The Mythical Ticket/Payroll Connection
It’s nice to see King Kaufman tackle a particularly stupid element of sports labor-bashing, the idea that increasing ticket prices are due to high salaries:
A Sox fan named Don Watts made the old connection between salaries and high prices to a reporter from the Fitchburg Sentinel and Enterprise who wrote about high prices in general, at the stadium and around it.
“I wish some of the players would think more about the game than about how much money they’re making,” Watts said. “The more money they make, the harder it is for us to go see them.”
That’s a funny thing to say right outside Fenway Park, which has by far the highest ticket prices in baseball, but by far not the baseball team with the highest payroll. That team, of course, is the New York Yankees, with an Opening Day payroll of $194 million, give or take a Bubba Crosby or two. The Red Sox are second at $120 million, according to USA Today’s figures.
The average ticket at Fenway Park, Team Marketing Report’s annual survey says, costs $46.46 this year, $12.16 more than the second-highest average ticket, at Wrigley Field. Yankee Stadium ducats go for an average of $28.27, fourth highest in baseball, just behind those at the St. Louis Cardinals’ new Busch Stadium.
So the Red Sox’s payroll is about 62 percent of the Yankees’ payroll, but their tickets cost 64 percent more on average.
As the excellent baseball business analyst Maury Brown points out in the Hardball Times, of the 10 teams that lowered payroll from 2005 to 2006, only one of them, the Colorado Rockies, also lowered ticket prices. Seven of them raised prices and two held steady.
The Florida Marlins slashed their payroll by 75 percent and raised ticket prices 7 percent.
What is it the players should be thinking about again?
Ticket prices are high for the same reasons salaries are high, which are the same reasons parking near Fenway is high. Scarcity and what the market will bear. There are only so many seats at major league ballparks, and hardly any available ones at the popular parks. There are only so many guys good enough to play in the major leagues, and hardly any good enough to play well. And there are hardly any places to park within a comfortable walk of Fenway.

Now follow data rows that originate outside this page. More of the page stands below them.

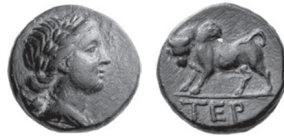
Fig. 14 AE, MÖ. 2. Yy., Termessos Major Darphanesi, 2.51g., Dr. Busso Peus Nachfolger, Auc. 407/8, lot 851, 07.11.2012.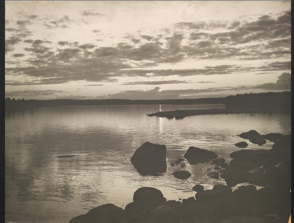
Aarne Tengén: Rantamaisema , 1915, hopeagelatiinivedos, SVM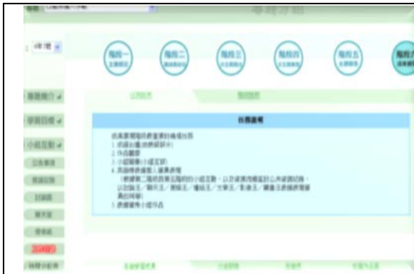
小組合作學習平台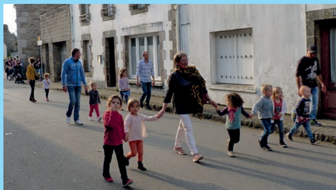
Course des enfants.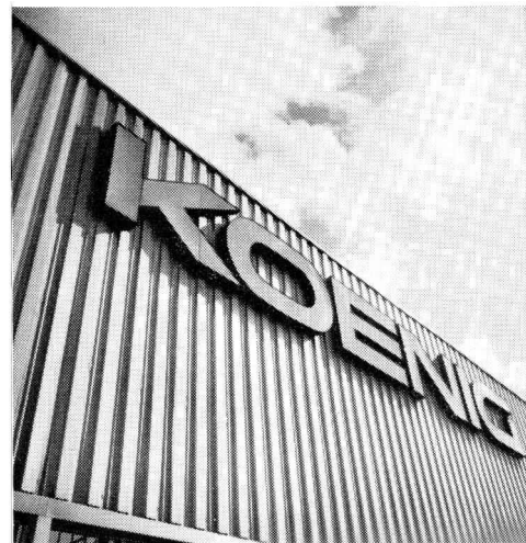
für Fassaden und Bedachungen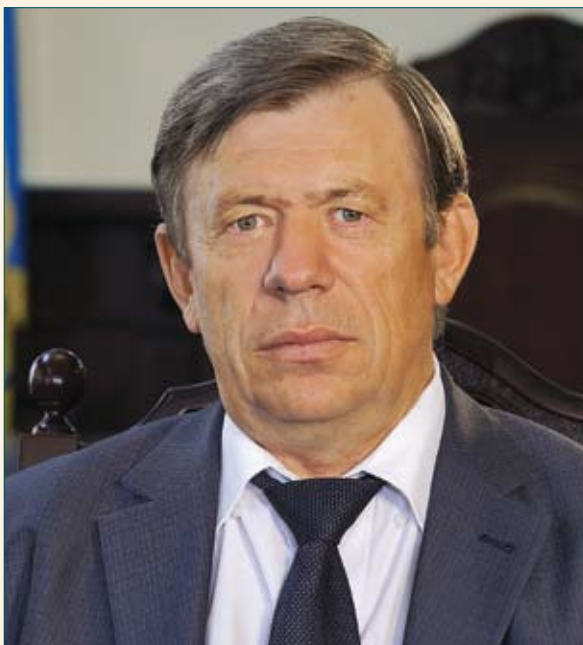
Макарчук Михайло Андрійович Секретар дисциплінарної палати Вищої кваліфікаційної комісії суддів України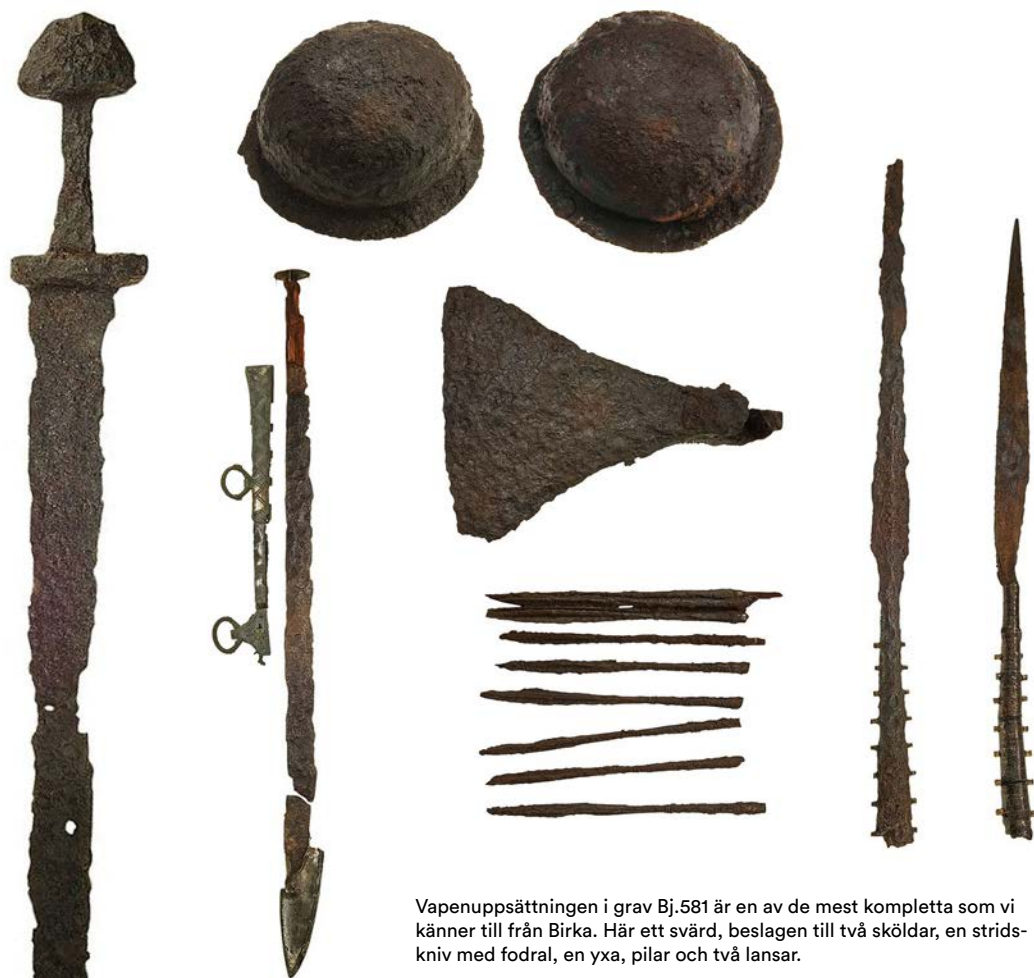
Vapenuppsättningen i grav Bj.581 är en av de mest kompletta som vi känner till från Birka. Här ett svärd, beslagen till två sköldar, en stridskniv med fodral, en yxa, pilar och två lansar.

Dna-proverna visar inte bara att den begravda är kvinna, utan också att hon har ett större släktskap med människor från södra Sverige än från Mälardalen. Strontiumanalysen antyder dessutom att hon har flyttat runt under sin uppväxt. Resultaten kan ses som ett argument för att kvinnan tillhörde samhällets elit, som var mer rörlig än den breda folkmassan. Å andra sidan hämtades även trälarna vanligen utanför det egna området.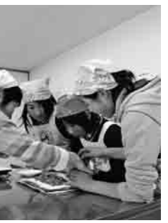
公民館まつりでのひとこまで。子どもたちがロールケーキ作りに挑戦。とてもおいしくできました。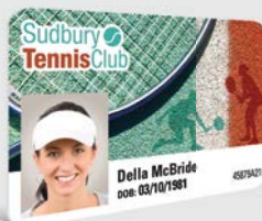
CARTÕES DE ASSOCIAÇÃO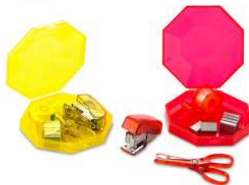
SET DE ESCRITORIO OCTAGON

What’s remarkable about the persistence of this myth is that it’s both utterly illogical and transparently wrong in practice. In theory, it’s obvious that you set ticket prices at the level that roughly maximizes revenues, a point that is the same whether your payroll is nothing or 500 million. (A higher payroll may lead to increased ticket prices because it increases demand, but it’s the demand and not the payroll that’s doing the work.) And in practice, even more instructive than Kaufman’s examples is to look at the NCAA. NCAA players are so ruthlessly exploited as to be a sportswriter’s wet dream–which much make the games dirt cheap to attend, right? But, of course, if you want season tickets to watch, say, University of Florida football from the “Touchdown Terrace” it will cost you $200…plus a $1,200 booster club “contribution.” Or about 230 bucks a (regular season) game. Think of how expensive it would be if those damned greedy players were paid anything!
But other than the fact that it’s both illogical and empirically wrong, there’s nothing wrong with the idea that high ticket prices are because of high salaries. The way in which both so many fans and sportswriters seem to believe that everything they don’t like about sports–whether alleged “competitive balance” problems or high ticket prices–would be solved if only the owners kept more money is quite remarkable.

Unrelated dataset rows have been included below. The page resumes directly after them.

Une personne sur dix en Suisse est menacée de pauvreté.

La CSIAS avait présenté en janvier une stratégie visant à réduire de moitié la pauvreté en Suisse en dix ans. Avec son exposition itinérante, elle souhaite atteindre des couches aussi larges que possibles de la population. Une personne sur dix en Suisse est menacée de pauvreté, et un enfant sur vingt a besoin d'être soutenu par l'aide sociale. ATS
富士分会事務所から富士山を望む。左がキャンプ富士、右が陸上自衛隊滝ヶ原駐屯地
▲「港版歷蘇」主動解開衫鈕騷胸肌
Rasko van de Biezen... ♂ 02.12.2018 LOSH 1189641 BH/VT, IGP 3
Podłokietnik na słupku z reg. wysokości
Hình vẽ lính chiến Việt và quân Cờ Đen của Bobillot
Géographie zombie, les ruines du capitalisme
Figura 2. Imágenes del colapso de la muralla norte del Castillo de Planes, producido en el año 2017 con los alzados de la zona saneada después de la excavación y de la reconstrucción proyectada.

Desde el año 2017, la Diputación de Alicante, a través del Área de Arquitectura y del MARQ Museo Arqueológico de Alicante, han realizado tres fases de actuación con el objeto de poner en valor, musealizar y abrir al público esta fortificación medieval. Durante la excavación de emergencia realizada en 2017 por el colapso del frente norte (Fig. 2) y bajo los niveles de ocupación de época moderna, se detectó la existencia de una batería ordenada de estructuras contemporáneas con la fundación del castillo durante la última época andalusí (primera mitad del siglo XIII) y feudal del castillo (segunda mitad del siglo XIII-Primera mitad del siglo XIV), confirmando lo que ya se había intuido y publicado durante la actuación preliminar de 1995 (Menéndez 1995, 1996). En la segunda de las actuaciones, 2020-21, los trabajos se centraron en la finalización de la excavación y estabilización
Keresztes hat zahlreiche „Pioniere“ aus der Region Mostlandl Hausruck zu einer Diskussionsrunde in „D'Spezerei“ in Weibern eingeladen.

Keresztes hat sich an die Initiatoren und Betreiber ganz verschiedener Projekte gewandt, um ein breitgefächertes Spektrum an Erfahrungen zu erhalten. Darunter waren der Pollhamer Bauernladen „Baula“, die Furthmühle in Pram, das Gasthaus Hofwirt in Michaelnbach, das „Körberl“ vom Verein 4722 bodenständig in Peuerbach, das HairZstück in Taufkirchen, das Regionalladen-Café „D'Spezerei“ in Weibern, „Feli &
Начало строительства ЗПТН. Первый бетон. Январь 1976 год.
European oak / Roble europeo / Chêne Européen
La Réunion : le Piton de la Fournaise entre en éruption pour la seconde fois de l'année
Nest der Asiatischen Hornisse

This isn’t to say that I like the status quo. Sure, I wax nostalgic for the fact that when I moved to Montreal in 1990 you could get bleacher tickets for C$1 and great seats for less than C$30. I suppose I should see a game at Yankee Stadium at some point, but even a ticket in the “tier box”–a pretty terrible seat–will run you $40, and even a mediocre-at-best “Field Box” $60. Or, rather, the latter would–except that they’re completely sold out for the season. And of course, that’s the point. The Yankees have extraordinarily high ticket prices (although, as Kaufman notes, still cheaper than Fenway)–and last Thursday they drew 54,381 fans. For a weekday day game. In April. Against the worst team in baseball. (If anything, their ticket prices are probably irrationally low at this point; I’m sure they could tack on at least 10 bucks across the board on the high end tickets and still sell them out for every game.) And that’s drives ticket prices–not payroll. If the demand wasn’t there, they could pay their players $500 million and they wouldn’t be able to raise ticket prices a cent.